= Rage aria =

Operatic aria expressing rage

A rage aria is an operatic aria expressing the rage of the character performing it.

Normally in da capo form, such arias emerged during the Baroque period and are typically found in opera seria. Rage arias were known by various terms in Italian, including aria di strepito, aria agitata and aria infuriata. Typically, they display the musical characteristics of quick tempos and fast runs, and are short in length. Such arias have been written by, amongst other composers, George Frideric Handel in the Baroque period and Wolfgang Amadeus Mozart in the Classical period.

== History ==
According to the doctrine of the affections, a theory of aesthetics that dictates emotions based on outward visible and auditory signs, each aria in an opera must have a single emotion.

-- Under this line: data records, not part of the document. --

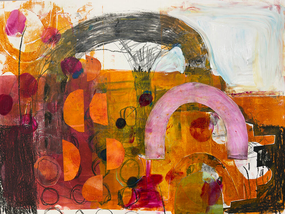 I was raised in the Maryland suburbs – an environment that was neither country nor city, but the land between. I carry this sense of in-betweenness into my studio, along with my brushes and paints.My artwork reveals my attraction to edges, the spaces between, and the ways we bridge those divides. I am drawn to intersections, particularly between manmade and natural realms. I prefer a park to the wild, because I enjoy how humanity and nature can inform and shape one another. That conversation frames my work, whether representational or abstract.When edges collide or we enter that space between, there is an opportunity for something new and unexpected. I revel in that sense of surprise, and I invite viewers to experience their own delight and wonder in those spaces and intersections.My favorite current work often begins with a monoprint and includes cut-paper collage and drawing. You will often see arch shapes that might hint at vessels, portals, or bridges. I love how this use of layers can create and resolve complexity.My still and animated works are accessible and reflective of my humor, sense of play, and ready wonderment. The process of creating is life-giving to me.
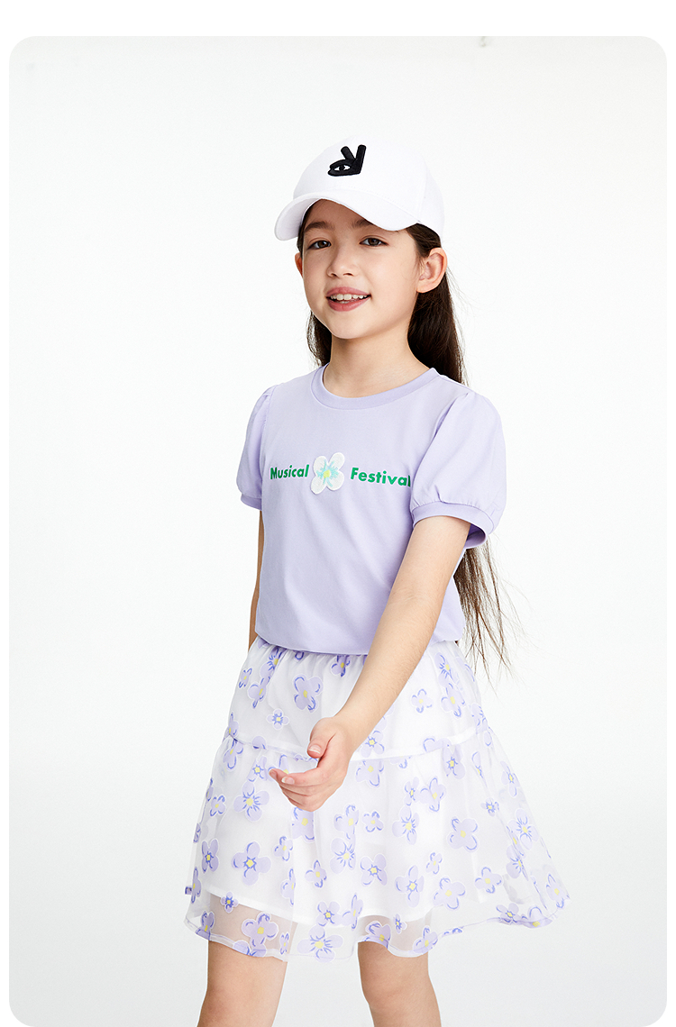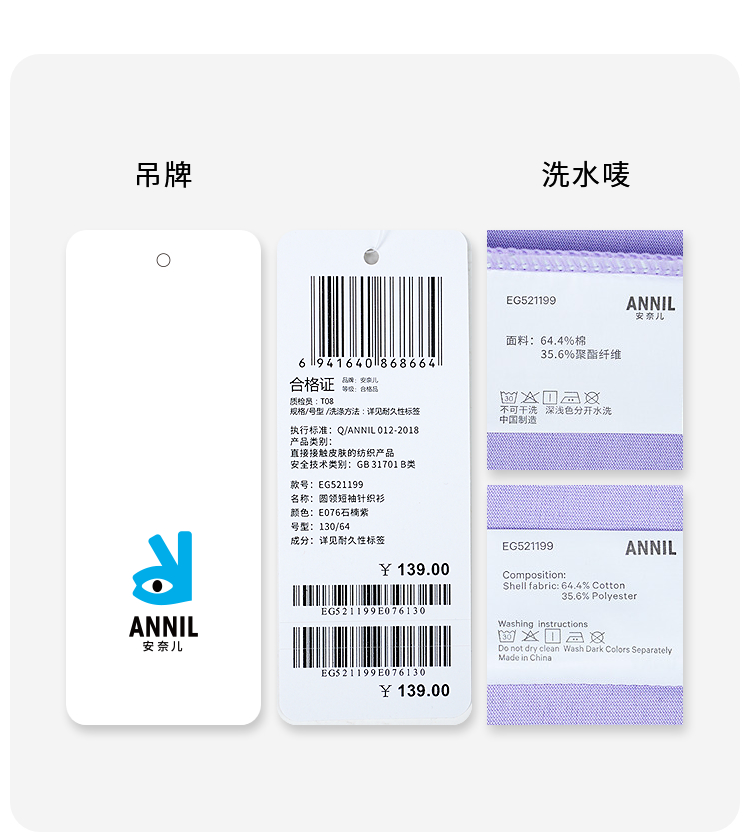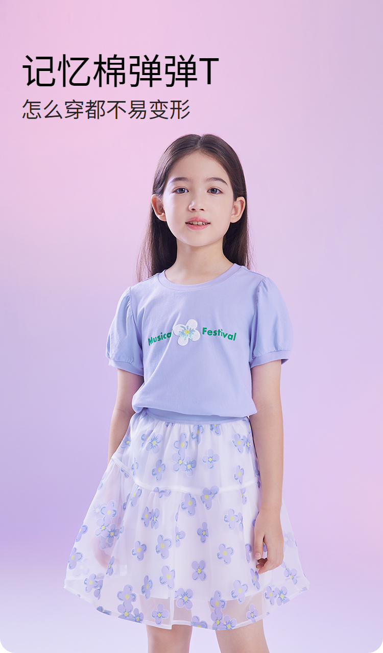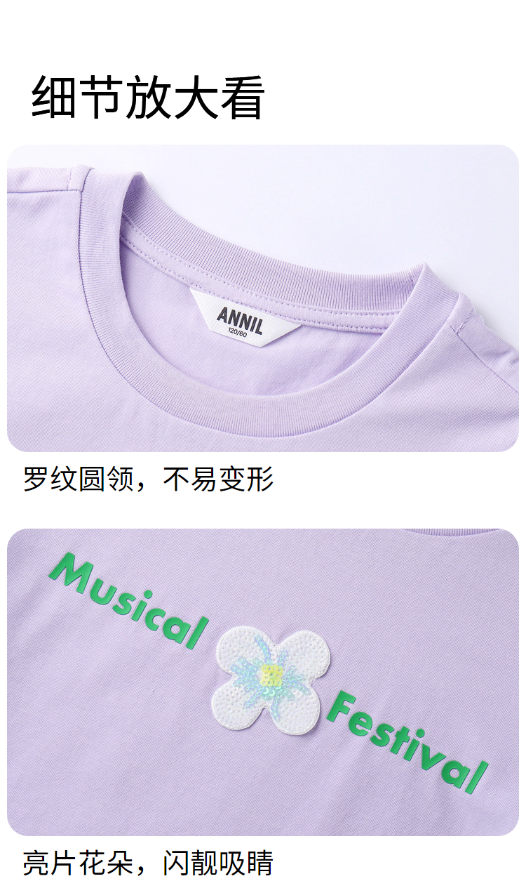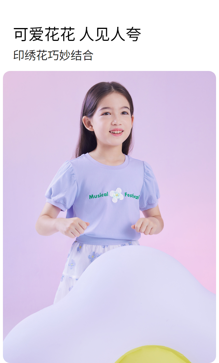 女童SORONA圆领短袖针织衫夏季新款安奈儿童装EG521199
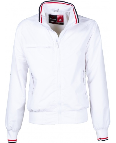 Men’s lightweight jacket, 8 mm plastic zip with metal pull, with collar, cuffs and hem in elastic rib with stripes, two outer pockets with plastic zip. Unpadded, mesh lining, one inner smartphone pocket with zip and opening for headphones, zip on the chest and back for easier printing and embroidery
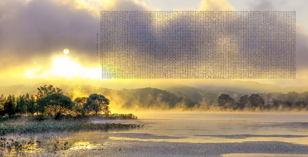 그의 전시 작품 일부에는 서예가 고(故) 정채창 선생이 생전 정교하게 세필한 반야심경이나 화엄경 약찬게, 금강경 경구 등이 편집 작업을 통해 함께 실렸다. 안개 낀 새벽 양수리 풍경과 연꽃잎 위로 또렷하게 드러난 불경 글귀를 감상할 수 있다.
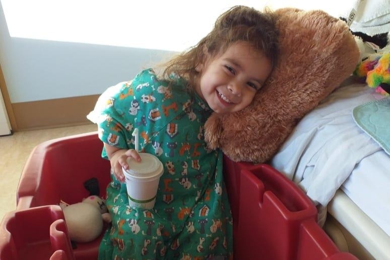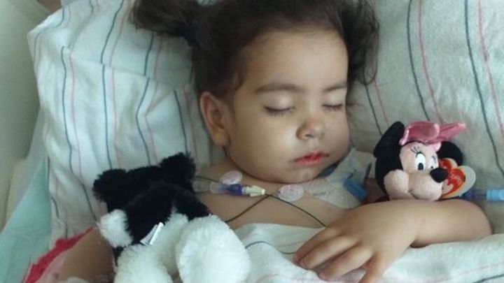 Me llamo Mía Sofía y tengo 2 años de edad. Inicié el año enfermita con temperaturas muy altas y los doctores me dieron mucha medicina pero no funcionó. Fui internada en un hospital de Tijuana y a los dos días los doctores les dijeron a mis papis que ya no podían hacer nada por mí. Con mucha dificultad fui trasladada a San Diego al Hospital Rady Children y allí me practicaron varias cirugías porque adquirí una bacteria llamada pseudomona que fue alterando todos mis órganos.
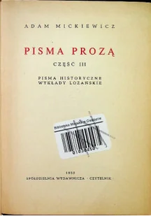 Tytuł: Mickiewicz Dzieła Tom VII Pisma prozą Część 3 Adam Mickiewicz Rok wydania: 1955 Rodzaj okładki: Twarda Autor: Adam Mickiewicz Wydawca: Czytelnik
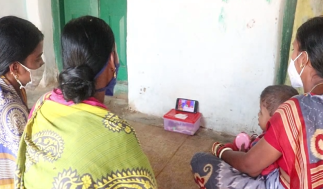 - Dissemination of re-purposed UPAVAN videos through WhatsApp: Topics were sequenced based on season and community preference, as informed by experience from the UPAVAN trial. On average, videos were 4 minutes long, with critical messages ("knowledge recall points") written in the local language (Odiya) at key points in videos, and 49 seconds of COVID-19 guidelines were included at the end of each video. Facilitators formed village-level WhatsApp groups for disseminating videos and WhatsApp viewers' groups, where women who owned a smartphone were grouped with women who did not own a smartphone to watch videos together. Facilitators shared one video per week over 6 months.
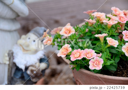 オープンガーデンの鉢植えのカリブラコア・ティフォシーとベコニアの花
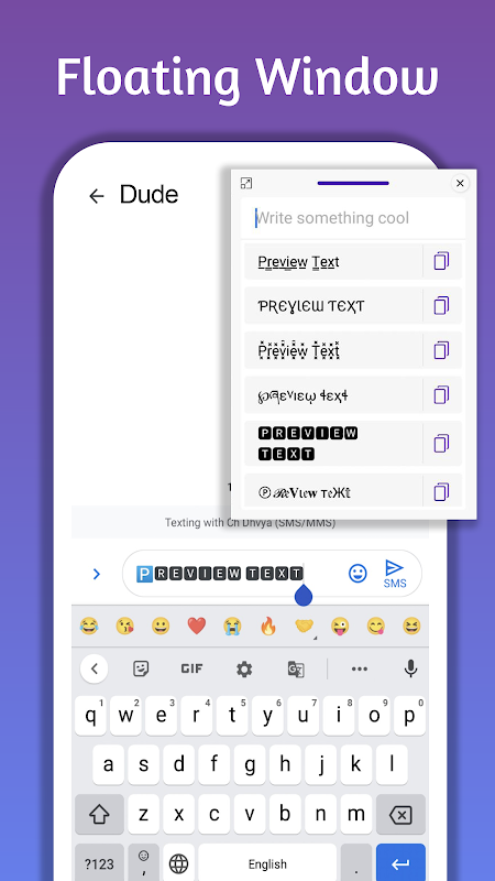 Floating Window: Floating window helps you to use the amazing Stylish Symbols and Stylish Text Fonts, and other Funny Fonts, Cool Text anywhere in the textbox.
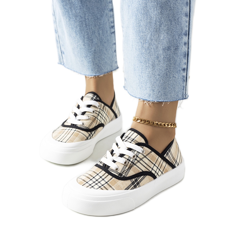 Ljetne tenisice koje će dodati karakter bilo kojoj stilizaciji. Modni, visoki potplat (platforma od 3 cm) dobro se slaže s originalnim kariranim gornjim dijelom, a neutralna bež boja čini ih vrlo svestranim. Izrađene od visokokvalitetnih tkanina, oni cijeli dan osiguravaju udobnost.
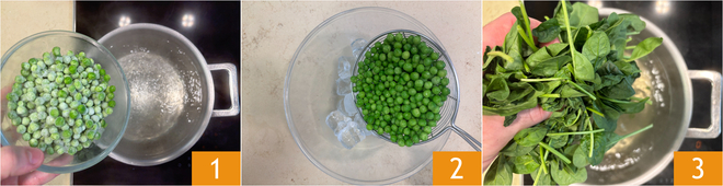 Um die Buchweizennudeln mit Erbsencreme und knusprigem Speck zuzubereiten, blanchieren Sie als erstes die Erbsen für 5 Minuten in kochendem Salzwasser 1. Gießen Sie sie ab und geben Sie sie in Eiswasser 2. Blanchieren Sie im selben Wasser auch den Spinat für 5 Minuten 3.
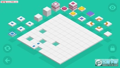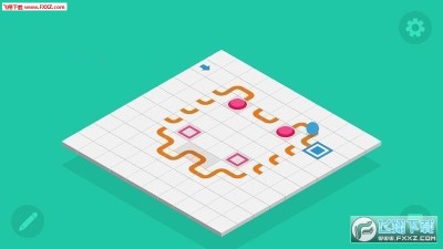 自定义迷宫汉化版是一款设计链锁机关的游戏。游戏分成两种模式,关卡和自设计。在全部60个关卡中,玩家要把一个或多个活蹦乱跳的蓝色小球送到目的地,即蓝白相间的方块所在的位置。为了让原本直线滚动的小球乖乖听话,玩家会用到转向、弹跳、传送门或者带按钮的升降台等机关。关卡模式的玩法主要是填空,也就是地图上有一些空白区域,玩家按照自己的理解将场外的机关填入即可。 游戏中的点睛之笔就是自定义模式,自定义模式更能体现出《自定义迷宫》的自由度与精髓。在任意时刻,玩家都能通过左下角的画笔图标进入到自设计模式,在这里玩家可以往10×10的空白地图上放置任意数量的全部类型机关,以及小球的起点和终点,然后看小球在自己设计的迷宫中能否顺利抵达目的地。
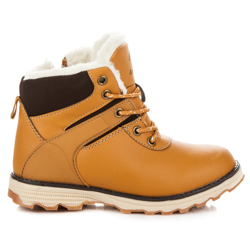 Do chladnějších dnů perfektní dětské pohorky z ekologické kůže zateplené měkkým ovčím kožichem. Klasický hnědý a béžový povrch s tmavší vsadkou v horní části jim dodává univerzální, ležérní charakter – ideální pro každodenní použití v sezóně podzim/zima.

According to the philosophy of affects, complex musical gestures are more easily suited to the emotions of hatred, retaliation, and fury than to those of gentle affects. Rage arias were amongst various types of aria which were employed in 18th century opera, including the more restrained aria di sentimento, the aria di lamento (lament), and the showy aria di bravura. One of the best-known examples of the genre is the Queen of the Night's "Der Hölle Rache kocht in meinem Herzen", from Die Zauberflöte. Others include "No, no, I'll take no less", from Handel's Semele, "I am the wife of Mao Tse-Tung" from John Adams' Nixon in China, "D'Oreste, d'Ajace" in Mozart's Idomeneo.